• MATERIAL PROVIDED:
Content starts
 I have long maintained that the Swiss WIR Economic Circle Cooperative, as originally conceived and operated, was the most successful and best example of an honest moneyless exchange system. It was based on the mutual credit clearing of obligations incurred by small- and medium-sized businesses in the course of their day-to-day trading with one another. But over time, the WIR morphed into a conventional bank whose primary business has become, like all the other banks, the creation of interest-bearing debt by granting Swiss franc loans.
Content ends
Content starts
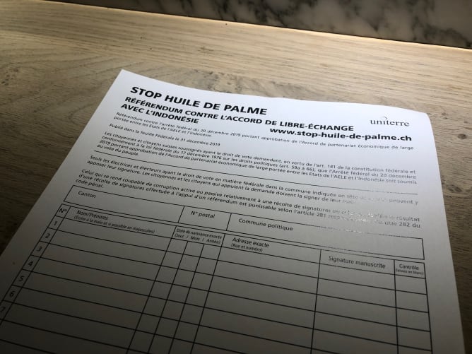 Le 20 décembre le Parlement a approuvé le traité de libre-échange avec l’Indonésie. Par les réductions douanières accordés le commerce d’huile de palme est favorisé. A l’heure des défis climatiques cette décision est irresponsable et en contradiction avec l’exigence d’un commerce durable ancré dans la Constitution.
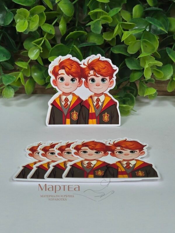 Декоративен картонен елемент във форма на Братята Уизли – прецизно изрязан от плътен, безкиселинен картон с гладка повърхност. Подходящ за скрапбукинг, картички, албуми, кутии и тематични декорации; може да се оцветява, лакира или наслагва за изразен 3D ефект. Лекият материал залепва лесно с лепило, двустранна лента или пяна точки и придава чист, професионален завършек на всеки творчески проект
Content ends
• BRIEF: Of the lines above, quote exactly those from the one with "Le 20 décembre" through the one with "Декоративен картонен елемент", ends included; pictures stay out.

• EXERCISE RESULT:
 Le 20 décembre le Parlement a approuvé le traité de libre-échange avec l’Indonésie. Par les réductions douanières accordés le commerce d’huile de palme est favorisé. A l’heure des défis climatiques cette décision est irresponsable et en contradiction avec l’exigence d’un commerce durable ancré dans la Constitution.
 Декоративен картонен елемент във форма на Братята Уизли – прецизно изрязан от плътен, безкиселинен картон с гладка повърхност. Подходящ за скрапбукинг, картички, албуми, кутии и тематични декорации; може да се оцветява, лакира или наслагва за изразен 3D ефект. Лекият материал залепва лесно с лепило, двустранна лента или пяна точки и придава чист, професионален завършек на всеки творчески проект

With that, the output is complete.